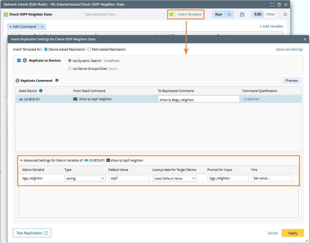 - In the NI Edit mode, enable the Intent Template and click it to Define Macro Variables to define the seed NI for NIC.
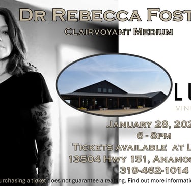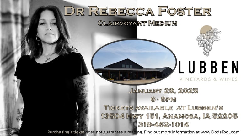 Dr Foster will spend two hours reading the audience. She passes on messages from God, Spirit Guides, and those passed over, including pets and animals. She does not consult the dead or ask them questions. The evening is filled with messages that touch the entire group, with many being meant to reach a person without calling them out or putting them on the spot. Not everyone who purchases a ticket will get a personal reading; however, everyone leaves with something that has touched them personally. You will experience laughter, tears, enlightenment and confirmation.
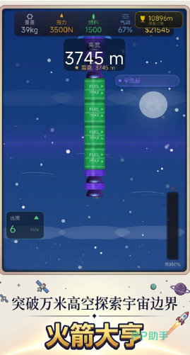你是否曾幻想过亲手打造一枚专属火箭,穿越云层,俯瞰地球表面纵横交错的经纬线?《火箭大亨》手游正为你开启这场硬核又充满乐趣的航天工程之旅。在游戏中,玩家可自由组合各类真实感十足的模块化组件——从轻质燃料舱、多级推进器,到高精度导航系统与姿态稳定装置。每一次部件选择,都会直接影响火箭的最大升限、终端速度、飞行稳定性及燃料效率,真正实现“设计即性能”。
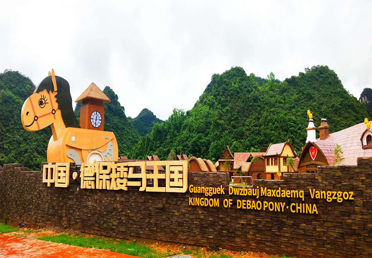 德保矮馬王國景區(qū)位于德?h燕峒鄉(xiāng)興旺村坡寧屯(吉星巖AAAA景區(qū)出口處),一期開發(fā)建筑面積400畝,建設內(nèi)容有矮馬王國競技場、萌寵部落、矮馬小鎮(zhèn)、矮馬游樂園、矮馬劇場、木屋酒店、帳篷酒店等項目,涵蓋動漫賽事、親子游樂、互動體驗、教育科普、文化演藝等于一體。矮馬王國景區(qū)從德保矮馬“萌”的核心特色出發(fā),將德保矮馬IP化,以親子卡通化的形象表現(xiàn)手法,創(chuàng)意“矮馬保保”的主人公形象,將德保矮馬打造成為華南萌主;以故事場景化的主題敘事手法,構建“矮馬保保”和他的小伙伴們的王國樂園,打造以德保矮馬為IP的主題家庭親子旅游目的地。讓孩子置身于童話故事中,兼具開發(fā)智力、認識自然的同時,還能兼顧大人玩耍與視覺審美,是全家人親子互動、休閑娛樂的地方。
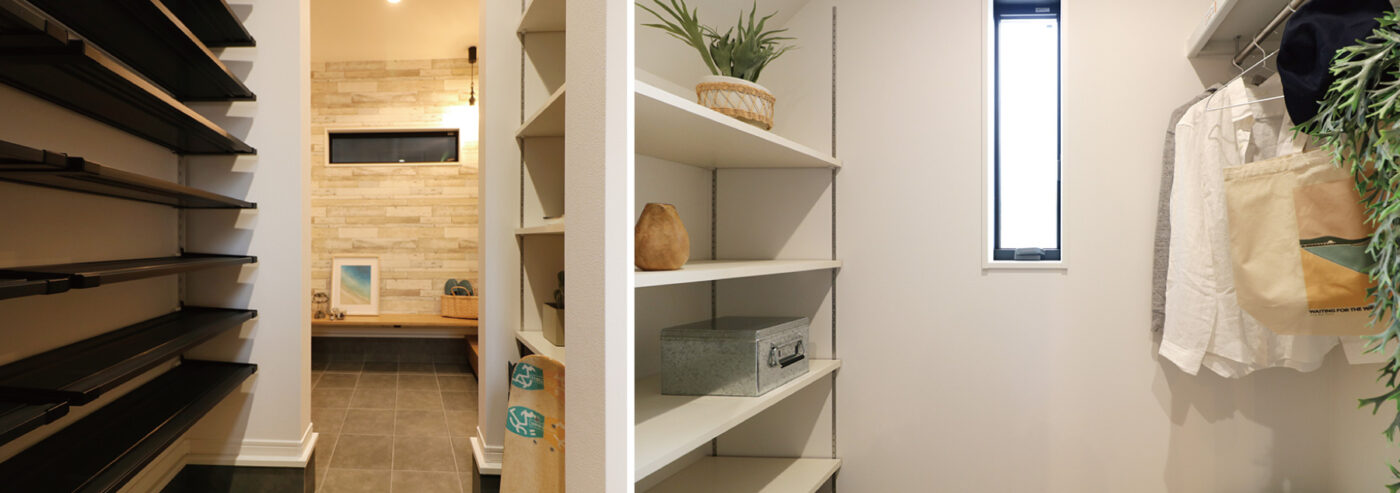 パイプ収納と可動棚があり、収納量も十分に確保。
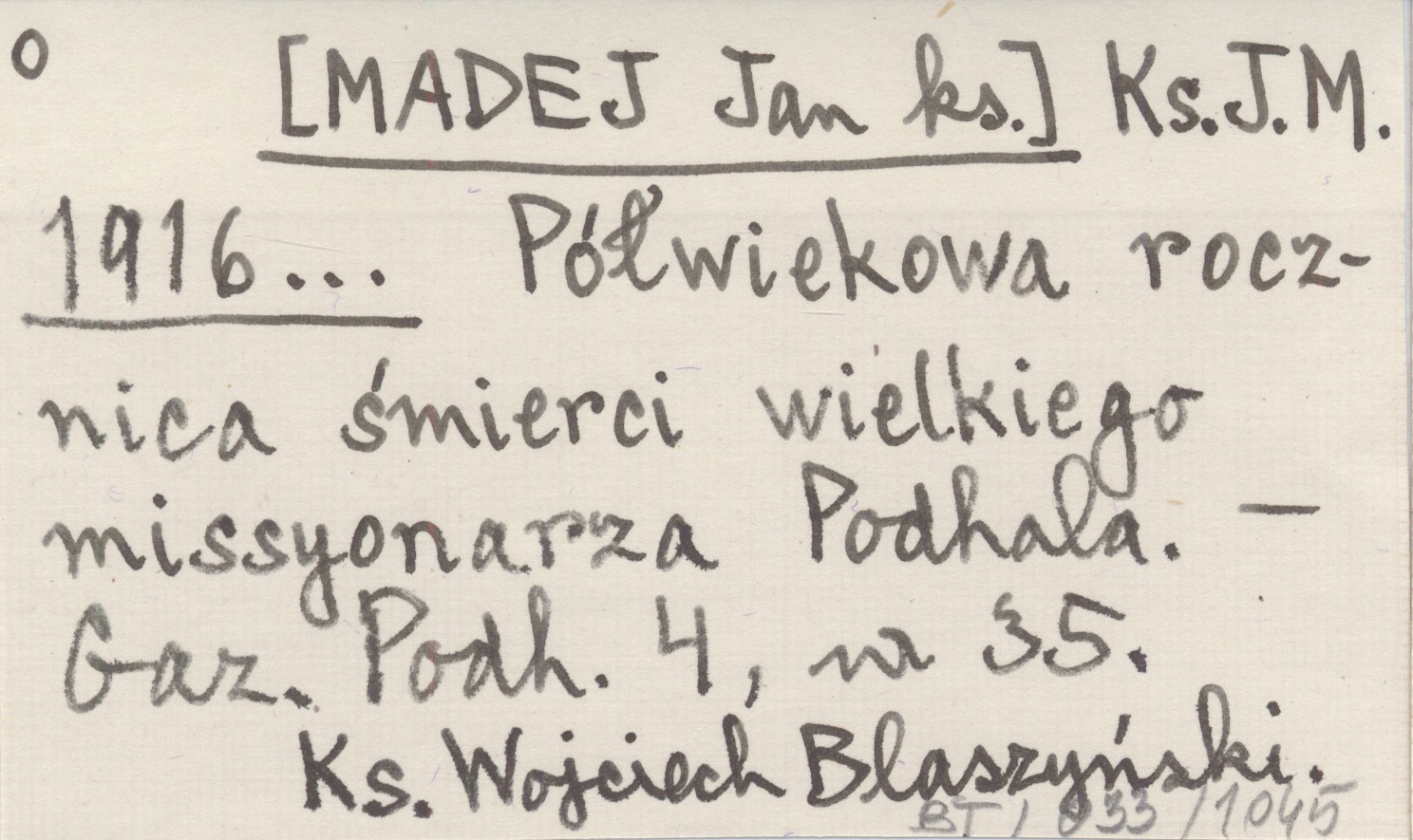 Ks.J.M. [MADEJ Jan ks.] 1916... Półwiekowa rocznica śmierci wielkiego missyonarza Podhala.
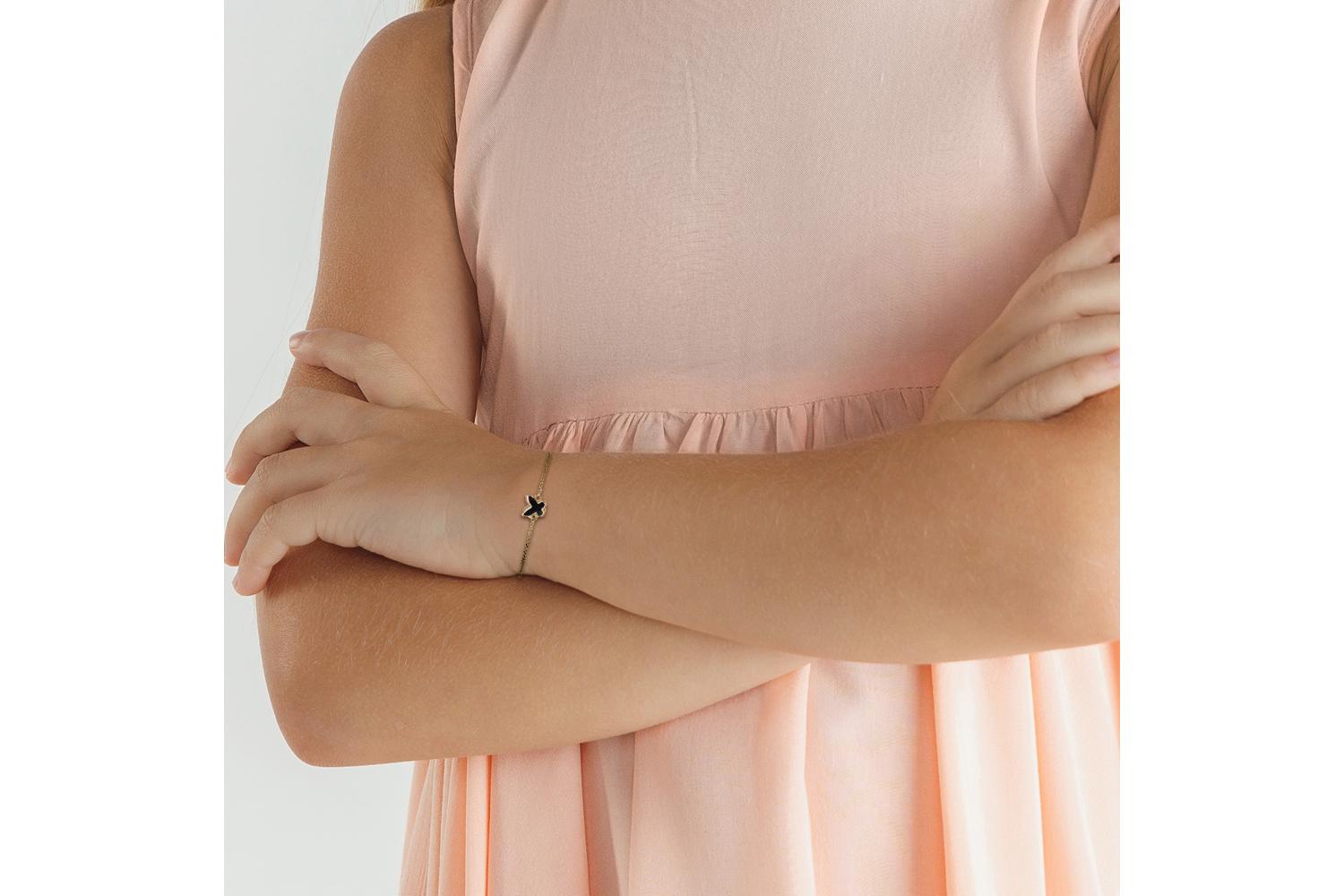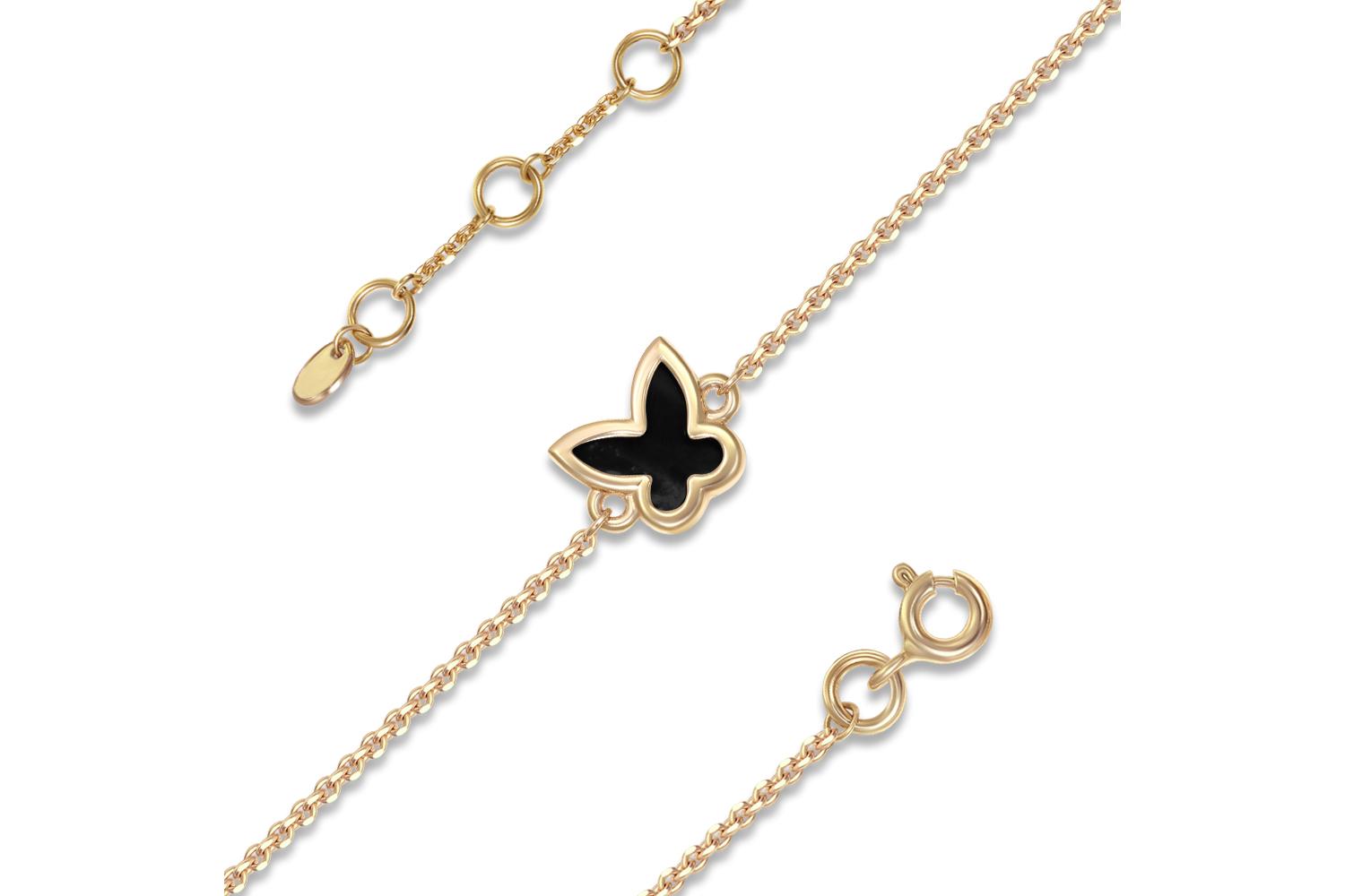 Мастера компании NEWGOLD, приложив всё свое мастерство и искусство, создали для Вас на нашем собственном производстве Браслет Бабочка из жёлтого золота с ониксом.

▶ _Task goal_
Please give again only the lines from the one containing "Dr Foster will" through the last line of the entries above, exactly as they stand and without pictures.

▶ _Response_
 Dr Foster will spend two hours reading the audience. She passes on messages from God, Spirit Guides, and those passed over, including pets and animals. She does not consult the dead or ask them questions. The evening is filled with messages that touch the entire group, with many being meant to reach a person without calling them out or putting them on the spot. Not everyone who purchases a ticket will get a personal reading; however, everyone leaves with something that has touched them personally. You will experience laughter, tears, enlightenment and confirmation.
你是否曾幻想过亲手打造一枚专属火箭,穿越云层,俯瞰地球表面纵横交错的经纬线?《火箭大亨》手游正为你开启这场硬核又充满乐趣的航天工程之旅。在游戏中,玩家可自由组合各类真实感十足的模块化组件——从轻质燃料舱、多级推进器,到高精度导航系统与姿态稳定装置。每一次部件选择,都会直接影响火箭的最大升限、终端速度、飞行稳定性及燃料效率,真正实现“设计即性能”。
 德保矮馬王國景區(qū)位于德?h燕峒鄉(xiāng)興旺村坡寧屯(吉星巖AAAA景區(qū)出口處),一期開發(fā)建筑面積400畝,建設內(nèi)容有矮馬王國競技場、萌寵部落、矮馬小鎮(zhèn)、矮馬游樂園、矮馬劇場、木屋酒店、帳篷酒店等項目,涵蓋動漫賽事、親子游樂、互動體驗、教育科普、文化演藝等于一體。矮馬王國景區(qū)從德保矮馬“萌”的核心特色出發(fā),將德保矮馬IP化,以親子卡通化的形象表現(xiàn)手法,創(chuàng)意“矮馬保保”的主人公形象,將德保矮馬打造成為華南萌主;以故事場景化的主題敘事手法,構建“矮馬保保”和他的小伙伴們的王國樂園,打造以德保矮馬為IP的主題家庭親子旅游目的地。讓孩子置身于童話故事中,兼具開發(fā)智力、認識自然的同時,還能兼顧大人玩耍與視覺審美,是全家人親子互動、休閑娛樂的地方。
 パイプ収納と可動棚があり、収納量も十分に確保。
 Ks.J.M. [MADEJ Jan ks.] 1916... Półwiekowa rocznica śmierci wielkiego missyonarza Podhala.
 Мастера компании NEWGOLD, приложив всё свое мастерство и искусство, создали для Вас на нашем собственном производстве Браслет Бабочка из жёлтого золота с ониксом.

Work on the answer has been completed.